*Directions*: Exactly the lines from the one containing "Jambi, 8 September" through the end of the data, and nothing more, should be retyped; pictures stay out.

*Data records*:
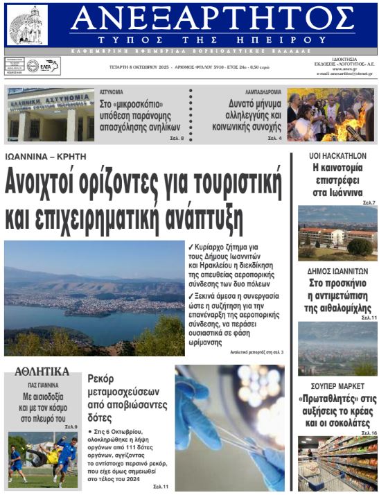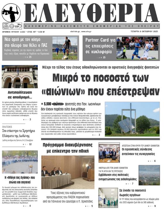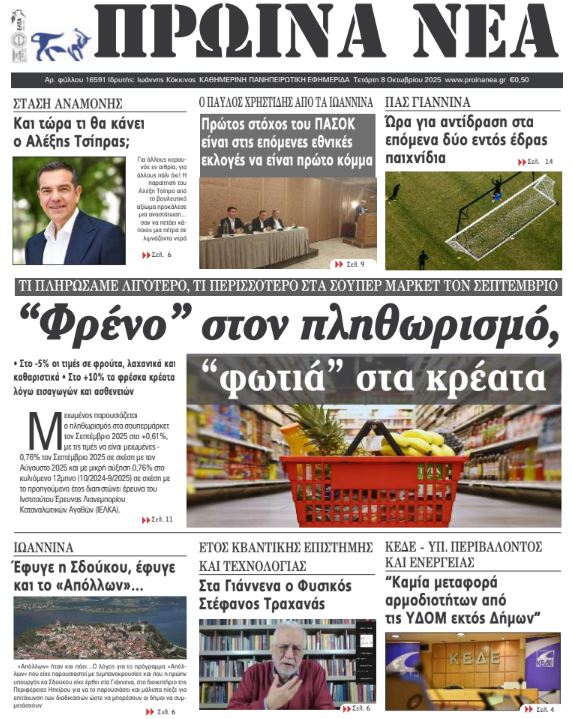 ΑρχικήΕΙΔΗΣΕΙΣΗΠΕΙΡΟΣ ΗΠΕΙΡΟΣ Τα πρωτοσέλιδα των γιαννιώτικων εφημερίδων 08.10.2025 0 FacebookTwitterWhatsAppEmailΤυπώνωViber Διαβάστε στα πρωτοσέλιδα των γιαννιώτικων εφημερίδων Τετάρτη 8 Οκτωβρίου 2025 TagsΓΙΑΝΝΙΩΤΙΚΕΣ ΕΦΗΜΕΡΙΔΕΣΠΡΩΤΟΣΕΛΙΔΑ FacebookTwitterWhatsAppEmailΤυπώνωViber Προηγούμενο άρθροΟικονομικός αντίκτυπος των στοιχηματικών τάσεων σε ειδησεογραφικές πλατφόρμεςΕπόμενο άρθροΛιγοστοί οι «αιώνιοι φοιτητές» που επέστρεψαν στις σπουδές τους ΣΧΕΤΙΚΑ ΑΡΘΡΑ Τα πρωτοσέλιδα των γιαννιώτικων εφημερίδων ΗΠΕΙΡΟΣ 04.11.2025 Τα πρωτοσέλιδα των γιαννιώτικων εφημερίδων TOP STORIES 01.11.2025 Τα πρωτοσέλιδα των γιαννιώτικων εφημερίδων ΗΠΕΙΡΟΣ 31.10.2025 Τα πρωτοσέλιδα των γιαννιώτικων εφημερίδων ΗΠΕΙΡΟΣ 30.10.2025 Τα πρωτοσέλιδα των γιαννιώτικων εφημερίδων ΗΠΕΙΡΟΣ 28.10.2025 Τα πρωτοσέλιδα των γιαννιώτικων εφημερίδων ΗΠΕΙΡΟΣ 25.10.2025 ΣΤΗΝ ΙΔΙΑ ΚΑΤΗΓΟΡΙΑ Για «συντήρηση» του δρόμου στο Γράμμο τα ερπυστριοφόρα του Στρατού ΗΠΕΙΡΟΣ 04.11.2025 Η ΠΕΝΤΕ Α.Ε. απαντά στις καταγγελίες και υπερασπίζεται τη διαφάνεια στη συμφωνία με την «ΠΑΠΑΓΕΩΡΓΙΟΥ» ΗΠΕΙΡΟΣ 04.11.2025 Νέα δημοτική αγορά και παρεμβάσεις αναβάθμισης στην Αγία Μαρίνα ΗΠΕΙΡΟΣ 04.11.2025 Συμβολικές κινητοποιήσεις σε Μέτσοβο και Πωγώνι για τα καταστήματα ΕΛΤΑ ΗΠΕΙΡΟΣ 04.11.2025 Κινητοποίηση για τη διατήρηση του καταστήματος των ΕΛΤΑ Πραμάντων ΗΠΕΙΡΟΣ 04.11.2025 Κανένα θανατηφόρο τροχαίο φέτος τον Οκτώβριο TOP STORIES 04.11.2025 ΜΗ ΧΑΣΕΤΕ Για «συντήρηση» του δρόμου στο Γράμμο τα ερπυστριοφόρα του Στρατού Νέα δημοτική αγορά και παρεμβάσεις αναβάθμισης στην Αγία Μαρίνα Κανένα θανατηφόρο τροχαίο φέτος τον Οκτώβριο Ανοίγει η πλατφόρμα για το επίδομα θέρμανσης ΕΛΤΑ – Τρίμηνη αναστολή και κινητοποιήσεις στην Ήπειρο ΔΗΜΟΦΙΛΗ Πέθανε ο πρώην αντιπρόεδρος των ΗΠΑ Ντικ Τσέινι Ανοίγει η πλατφόρμα για το επίδομα θέρμανσης Τα πρωτοσέλιδα των γιαννιώτικων εφημερίδων Εκδήλωση για τα παραδοσιακά επαγγέλματα της Ηπείρου στο Ευρωπαϊκό Κοινοβούλιο Πανσέληνος Νοεμβρίου: Πότε θα απολαύσουμε το «Φεγγάρι του Κάστορα»
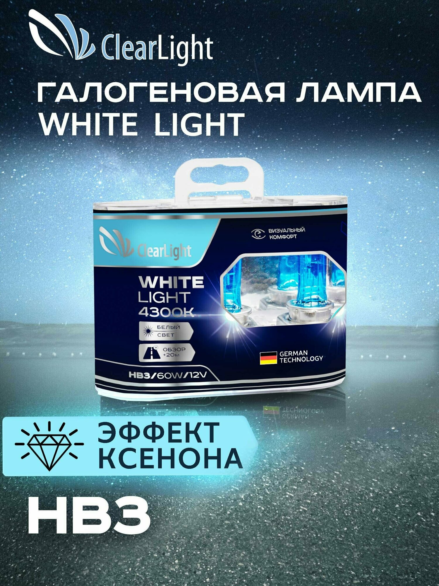 Галогенные лампочки Clearlight WhiteLigh HB3 4300K 12V-60W 2шт
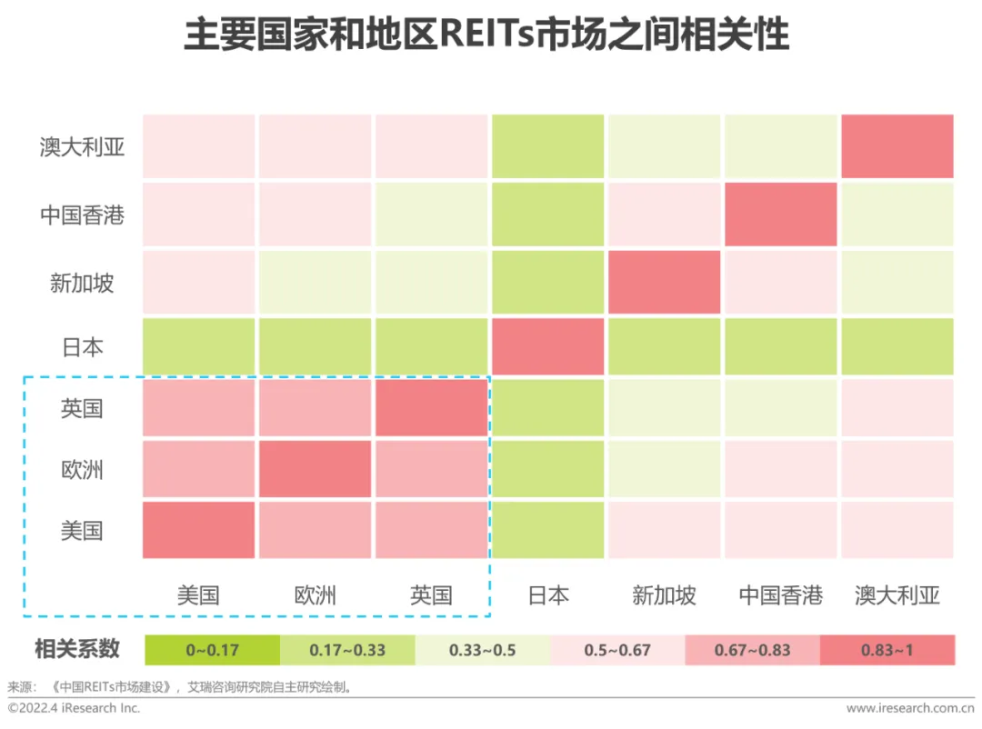 REITs市场之间、REITs市场与股票市场的相关系数普遍较低
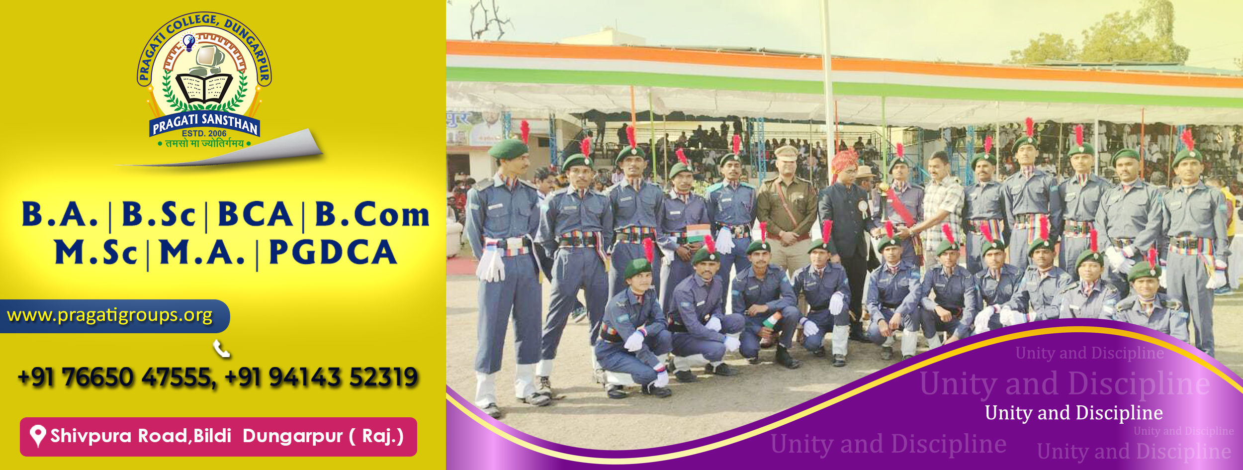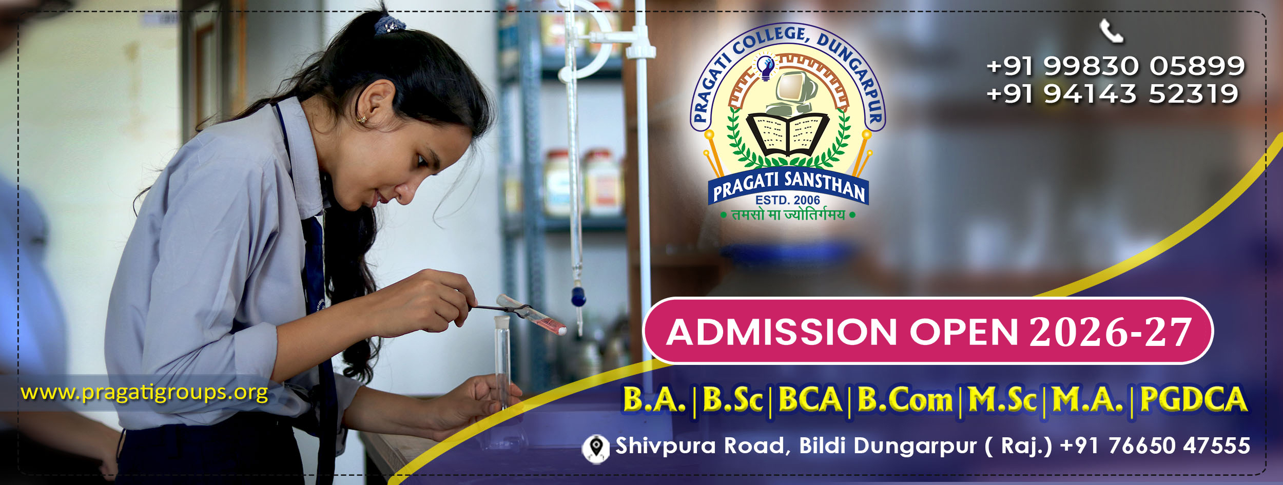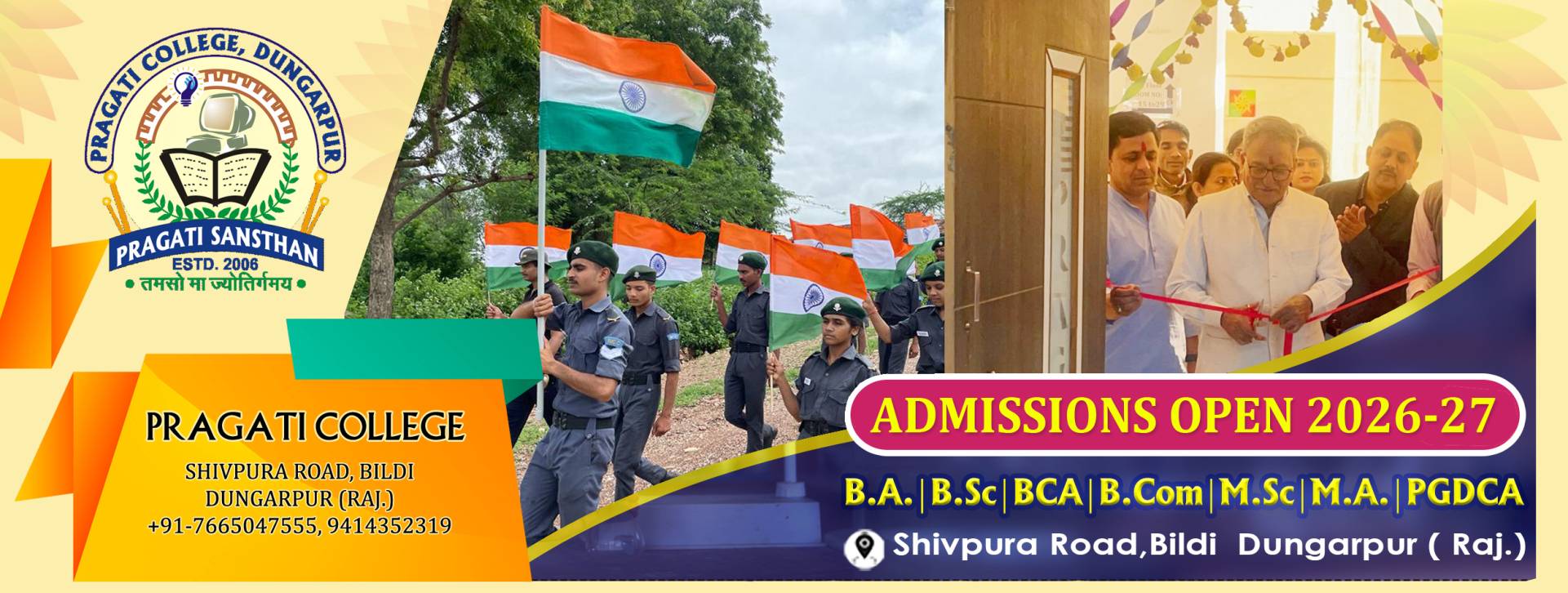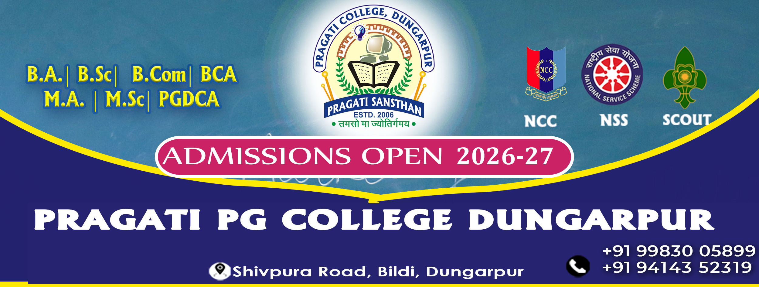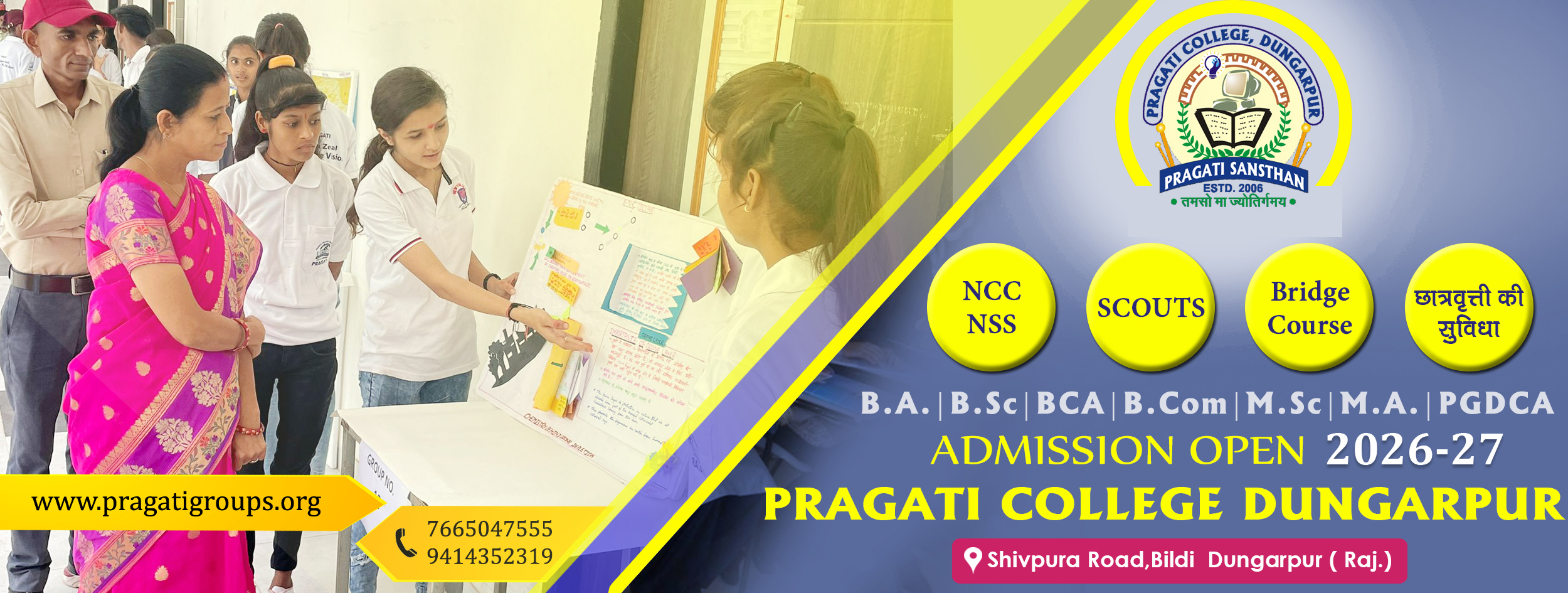 Pragati Sansthan is one of the Best in Dungarpur which was established on 17th March 2004 by Mr. Prashant Choubisa. Pragati College was established in Dungarpur as the first Private College in 2006. B.A., M.A., B.Sc. (Biology, Maths & Computer Science), M.Sc. (Chemistry, Zoology), BCA, PGDCA. B.Com. and M.Com. Courses are available for study. & Shiv Narayan Choubisa College Simalwara was established in the Year 2005. B.A., B.Sc. and M.A. Courses are available for study in SNC simalwara College. At Pragati Sansthan, we are committed to providing a holistic educational experience that equips our students with the skills and knowledge needed to succeed in today’s rapidly changing world.
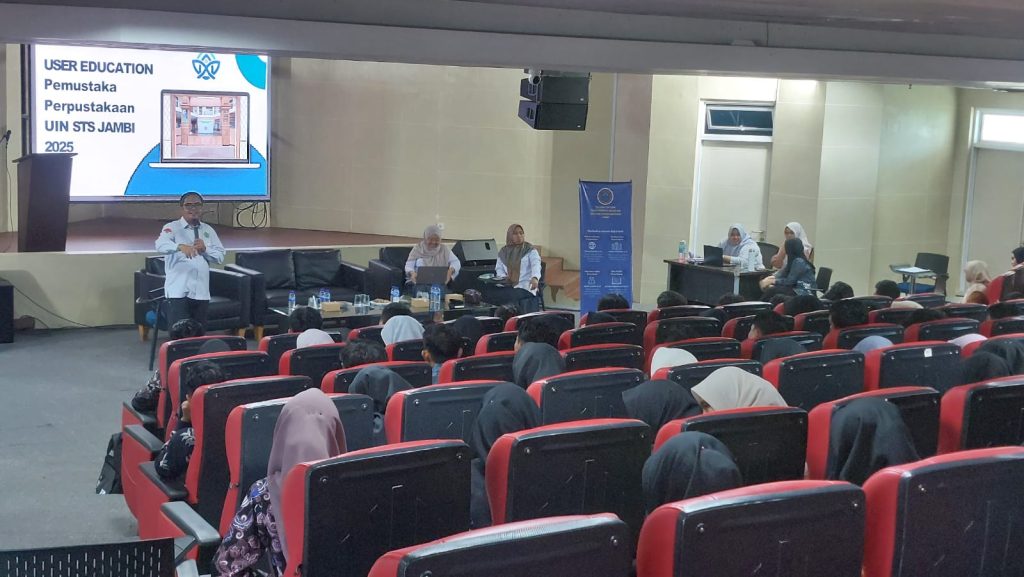 Jambi, 8 September 2025 – Kepala UPT Perpustakaan UIN Sulthan Thaha Saifuddin Jambi, Mohd Isnaini, S.Pd.I., M.Hum., menjadi narasumber dalam kegiatan User Education yang diselenggarakan di Gedung GCR Wing C Fakultas Adab dan Humaniora, Senin (8/9).
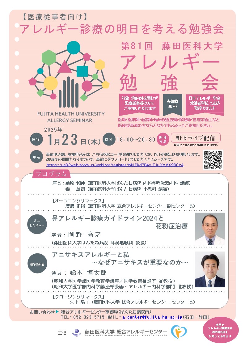 藤田医科大学総合アレルギーセンターでは、2025年1月23日(木)Webライブ配信にて「第81回藤田医科大学アレルギー勉強会」を開催いたします。
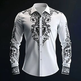 Halloween 男性用 スカル 複雑な花柄 シャツ ボタンアップシャツ 長袖 ダークゴシックスタイル アウトドア 祝日 春 秋 折襟 3Dプリント 襟付きシャツ 白+黒 ホワイト

*Your solution*:
 Jambi, 8 September 2025 – Kepala UPT Perpustakaan UIN Sulthan Thaha Saifuddin Jambi, Mohd Isnaini, S.Pd.I., M.Hum., menjadi narasumber dalam kegiatan User Education yang diselenggarakan di Gedung GCR Wing C Fakultas Adab dan Humaniora, Senin (8/9).
 藤田医科大学総合アレルギーセンターでは、2025年1月23日(木)Webライブ配信にて「第81回藤田医科大学アレルギー勉強会」を開催いたします。
 Halloween 男性用 スカル 複雑な花柄 シャツ ボタンアップシャツ 長袖 ダークゴシックスタイル アウトドア 祝日 春 秋 折襟 3Dプリント 襟付きシャツ 白+黒 ホワイト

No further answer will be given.